### DATA SUPPLIED ###

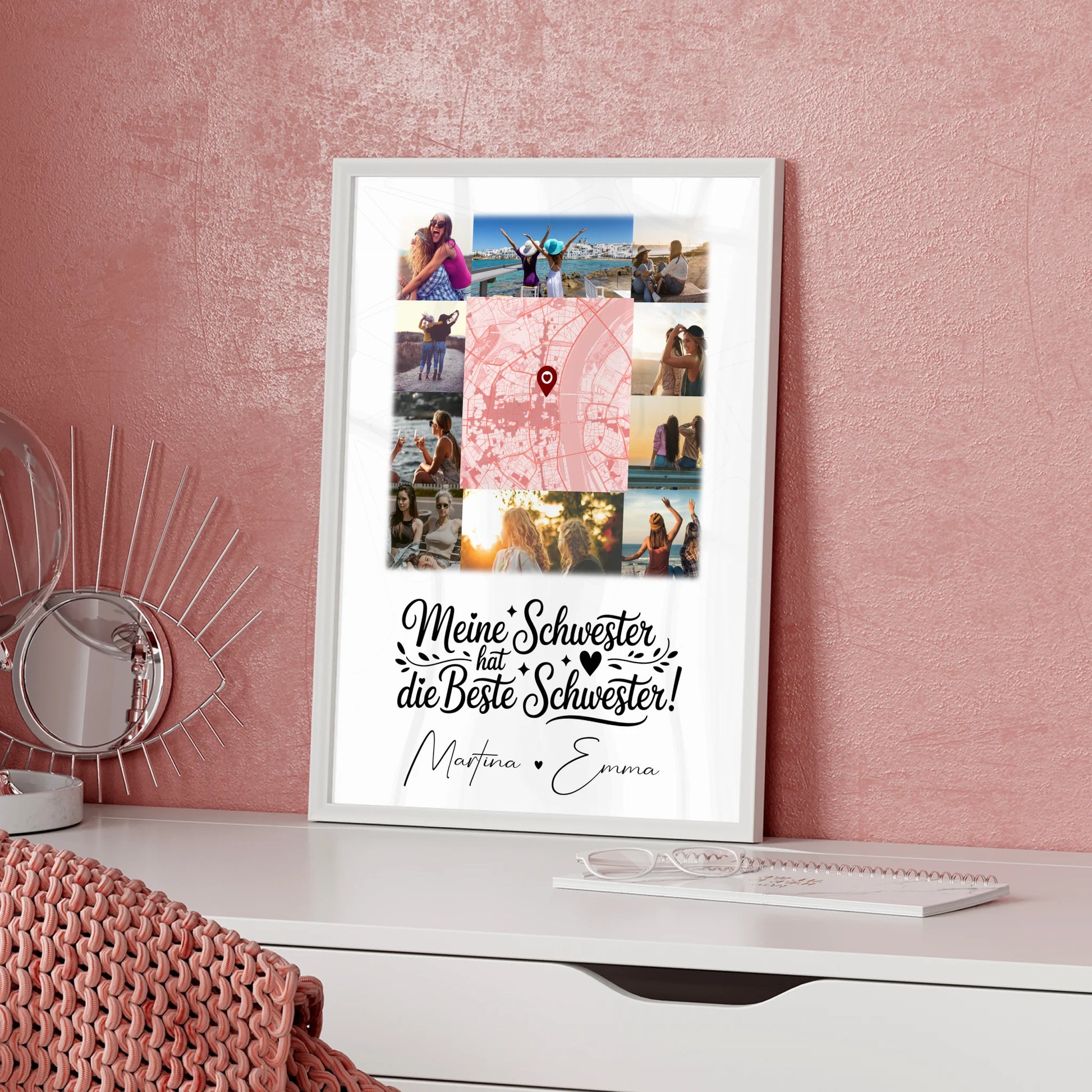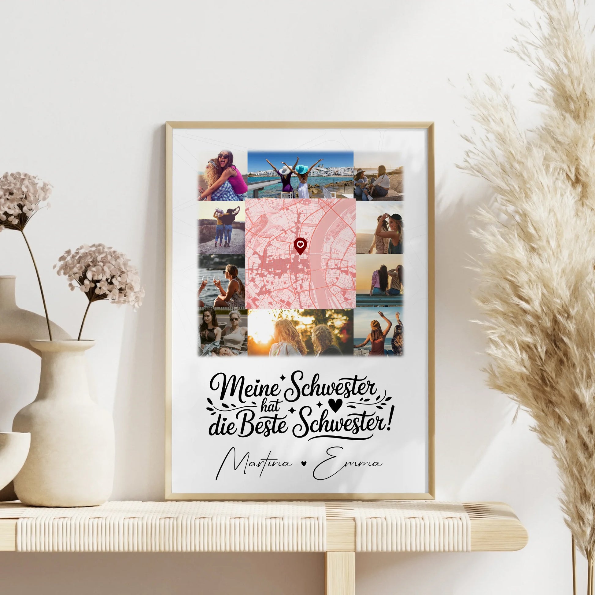 Schwester Poster 10 Fotos Karte Mitte Meine Schwester hat die beste Schwester
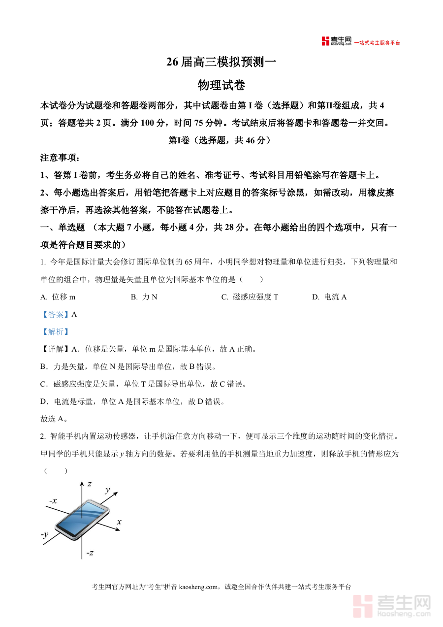 《精品解析:2026届四川省眉山中学校高三上学期模拟预测一物理试题(解析版).docx》是一份针对高三物理备考的优质真题解析资料,主要包含26届高三物理模拟预测一的完整试题及详细解析。该资料严格按照高考物理考试大纲设计,涵盖了力学、运动学、电磁学等核心知识点,每个题目都配有详尽解答,包括解题思路分析、关键公式应用及易错点提醒,尤其注重对物理概念理解和解题方法的指导,能够有效帮助学生掌握物理知识体系和应试技巧。
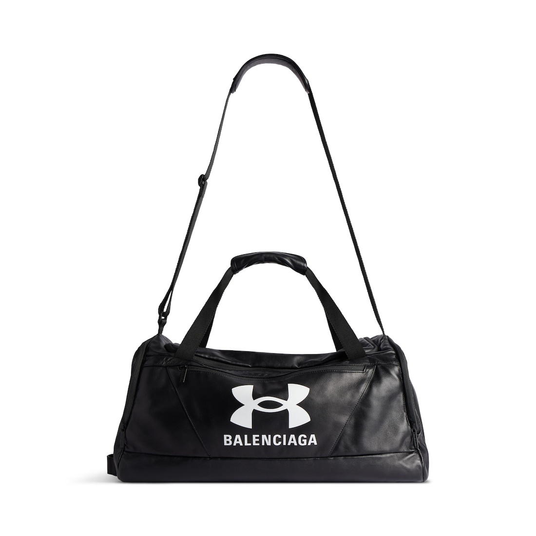 Under Armour® Gym Bag in black smooth lambskin PRODUCT DETAILS • Dimensions: L21,2 x H10,2 x W10,2 inch • Smooth lambskin • Gym bag • Two handles • Adjustable strap with shoulder pad (drop: 21,6 inch) • Crossbody and hand carry • Under Armour® artwork printed at front • In collaboration with Under Armour® • Matte black hardware • Front zipped pocket • Back zipped pocket • Two zipped pockets on the side • Double ended zipped closure • 1 main compartment • Balenciaga logo engraved zipper puller • Nylon lining • Made in Italy Material: lambskin, polyamide, cotton, viscose
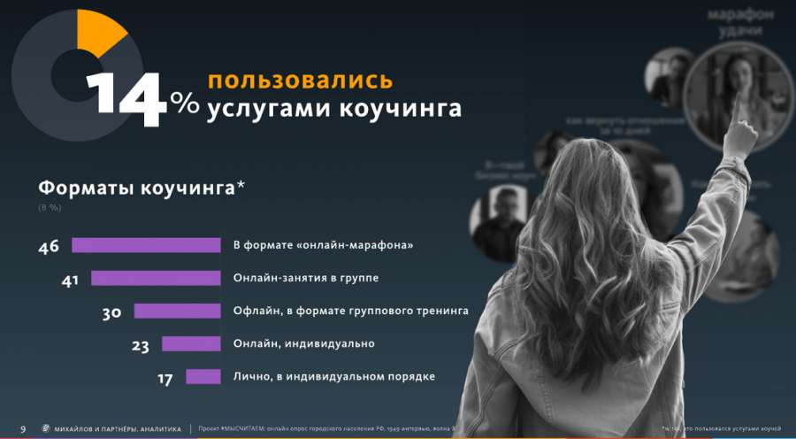 Каждый третий опрошенный обращался к услугам коучей, психологов и бизнес-консультантов: 75% считают, что они могут быть полезны в развитии личностных навыков, 73% — навыков руководителя, а 77% — для повышения мотивации в занятиях спортом. Такие результаты получило агентство «Михайлов и Партнёры. Аналитика» в результате опроса в рамках социологического проекта «#МЫСЧИТАЕМ». Исследование показало большой интерес и доверие россиян к «личностному росту», саморазвитию, эзотерике и нетрадиционным практикам — результаты есть в распоряжении Sostav.
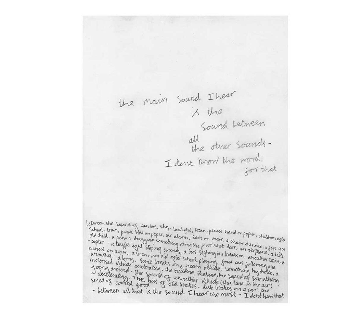 Darkness Visible installation (2017) Sam Winston Text piece on walls and floor Three months of transcribing sensations outside of sight. Starting with sounds and touch (wall) then moving into abstracted thoughts and emotion (floor)
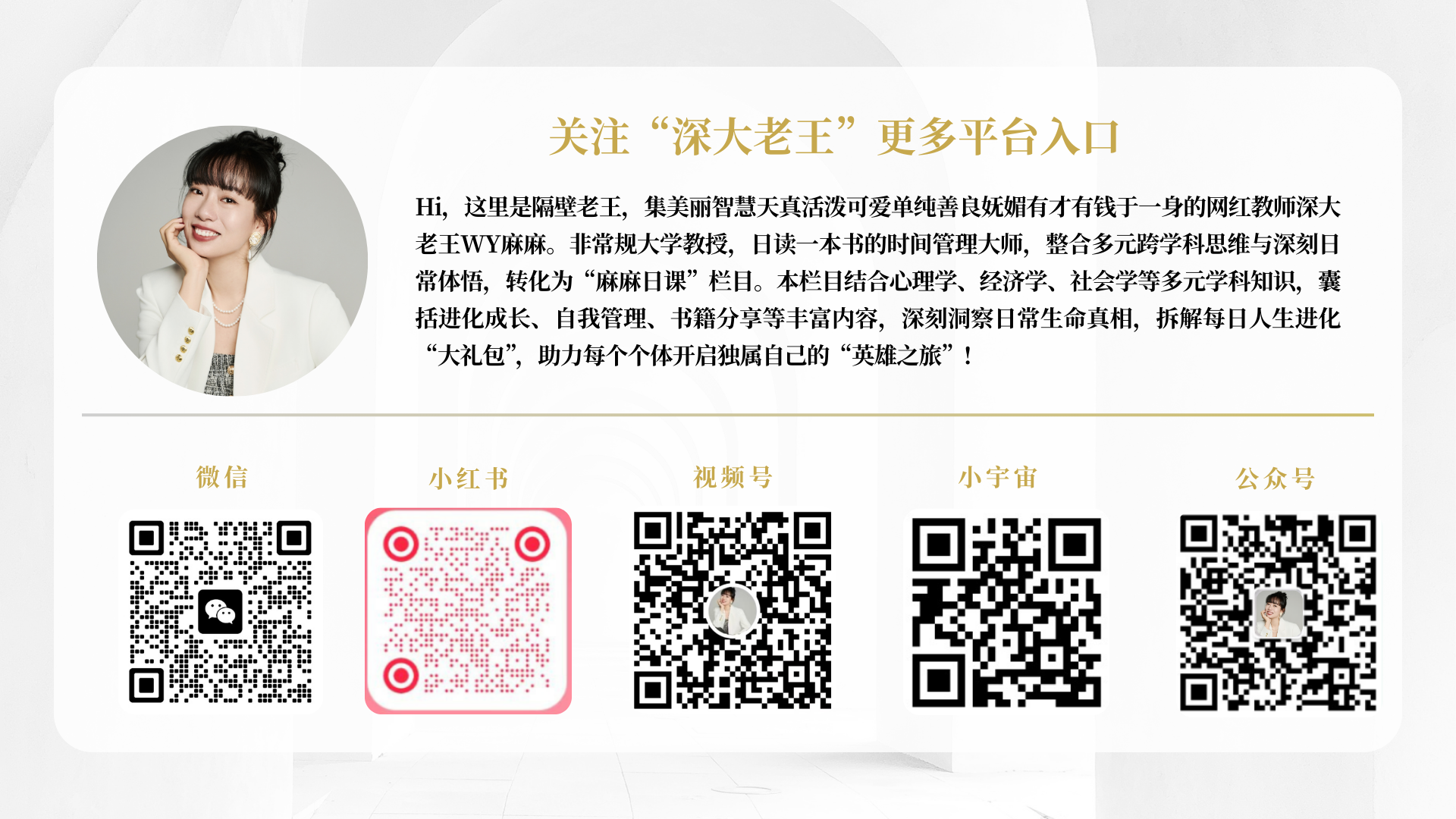 ✨深大老王WY麻麻,非常规大学教授,日读一本书的时间管理大师,整合多元跨学科思维与深刻日常体悟,转化为“麻麻日课”栏目。本栏目结合心理学、经济学、社会学等多元学科知识,囊括进化成长、自我管理、书籍分享等丰富内容,深刻洞察日常生命真相,拆解每日人生进化“大礼包”,助力每个个体开启独属自己的“英雄之旅”!
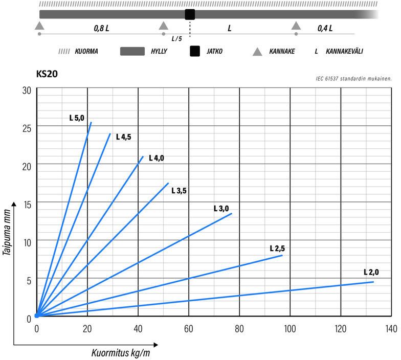 IEC 61537:n mukainen turvallinen työkuorma, kun tukiväli on 5,0 m.:
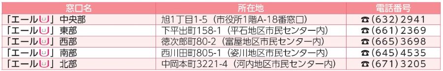 ・市役所本庁舎と4カ所の地区市民センター(平石、富屋、姿川、河内)に設置した地域保健福祉担当。
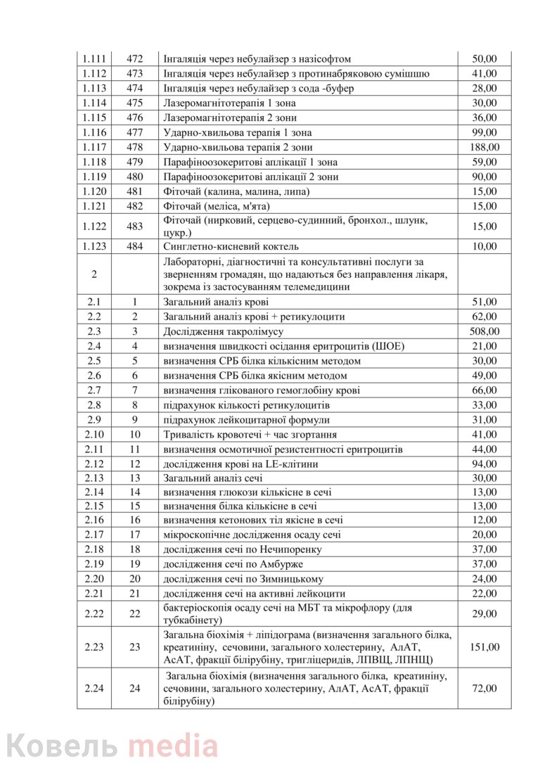 Виконавчий комітет Ковельської міської ради затвердив нові тарифи на послуги, які надають у Ковельському міськрайонному територіальному медичному об’єднанні.
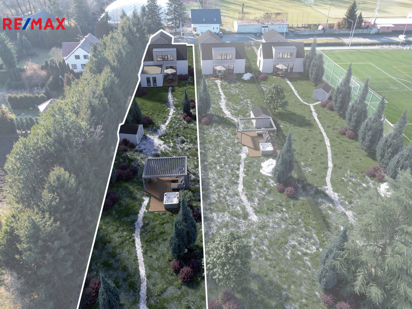 Zadní část parcely navazuje na klidový zelený pás, který přirozeně dotváří soukromí a atmosféru místa. Pohořelice navíc nabízí kompletní občanskou vybavenost (školy, školky, lékaři, obchody, služby) a výbornou dostupnost do Brna díky napojení na D52. Když chcete vypnout, příroda a výlety směrem na Pálavu nebo k Novomlýnským nádržím jsou na dosah.
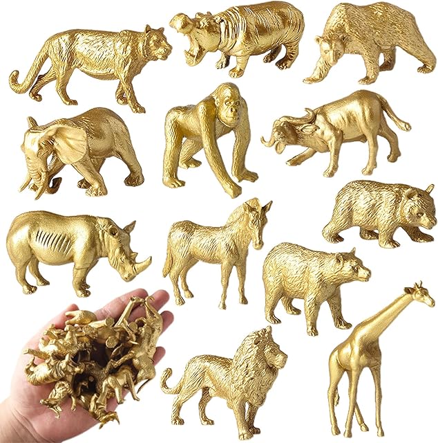 The 12Pcs Small Animals Figures, Realistic Golden Wild Animals Toys for Cupcake Toppers, Learning Educational Toys, Birthday Party Favors Gift for Kids Toddlers

###

None of the images should be copied, but every entry must be given again exactly.

 Schwester Poster 10 Fotos Karte Mitte Meine Schwester hat die beste Schwester
 《精品解析:2026届四川省眉山中学校高三上学期模拟预测一物理试题(解析版).docx》是一份针对高三物理备考的优质真题解析资料,主要包含26届高三物理模拟预测一的完整试题及详细解析。该资料严格按照高考物理考试大纲设计,涵盖了力学、运动学、电磁学等核心知识点,每个题目都配有详尽解答,包括解题思路分析、关键公式应用及易错点提醒,尤其注重对物理概念理解和解题方法的指导,能够有效帮助学生掌握物理知识体系和应试技巧。
 Under Armour® Gym Bag in black smooth lambskin PRODUCT DETAILS • Dimensions: L21,2 x H10,2 x W10,2 inch • Smooth lambskin • Gym bag • Two handles • Adjustable strap with shoulder pad (drop: 21,6 inch) • Crossbody and hand carry • Under Armour® artwork printed at front • In collaboration with Under Armour® • Matte black hardware • Front zipped pocket • Back zipped pocket • Two zipped pockets on the side • Double ended zipped closure • 1 main compartment • Balenciaga logo engraved zipper puller • Nylon lining • Made in Italy Material: lambskin, polyamide, cotton, viscose
 Каждый третий опрошенный обращался к услугам коучей, психологов и бизнес-консультантов: 75% считают, что они могут быть полезны в развитии личностных навыков, 73% — навыков руководителя, а 77% — для повышения мотивации в занятиях спортом. Такие результаты получило агентство «Михайлов и Партнёры. Аналитика» в результате опроса в рамках социологического проекта «#МЫСЧИТАЕМ». Исследование показало большой интерес и доверие россиян к «личностному росту», саморазвитию, эзотерике и нетрадиционным практикам — результаты есть в распоряжении Sostav.
 Darkness Visible installation (2017) Sam Winston Text piece on walls and floor Three months of transcribing sensations outside of sight. Starting with sounds and touch (wall) then moving into abstracted thoughts and emotion (floor)
 ✨深大老王WY麻麻,非常规大学教授,日读一本书的时间管理大师,整合多元跨学科思维与深刻日常体悟,转化为“麻麻日课”栏目。本栏目结合心理学、经济学、社会学等多元学科知识,囊括进化成长、自我管理、书籍分享等丰富内容,深刻洞察日常生命真相,拆解每日人生进化“大礼包”,助力每个个体开启独属自己的“英雄之旅”!
 IEC 61537:n mukainen turvallinen työkuorma, kun tukiväli on 5,0 m.:
 ・市役所本庁舎と4カ所の地区市民センター(平石、富屋、姿川、河内)に設置した地域保健福祉担当。
 Виконавчий комітет Ковельської міської ради затвердив нові тарифи на послуги, які надають у Ковельському міськрайонному територіальному медичному об’єднанні.
 Zadní část parcely navazuje na klidový zelený pás, který přirozeně dotváří soukromí a atmosféru místa. Pohořelice navíc nabízí kompletní občanskou vybavenost (školy, školky, lékaři, obchody, služby) a výbornou dostupnost do Brna díky napojení na D52. Když chcete vypnout, příroda a výlety směrem na Pálavu nebo k Novomlýnským nádržím jsou na dosah.
 The 12Pcs Small Animals Figures, Realistic Golden Wild Animals Toys for Cupcake Toppers, Learning Educational Toys, Birthday Party Favors Gift for Kids Toddlers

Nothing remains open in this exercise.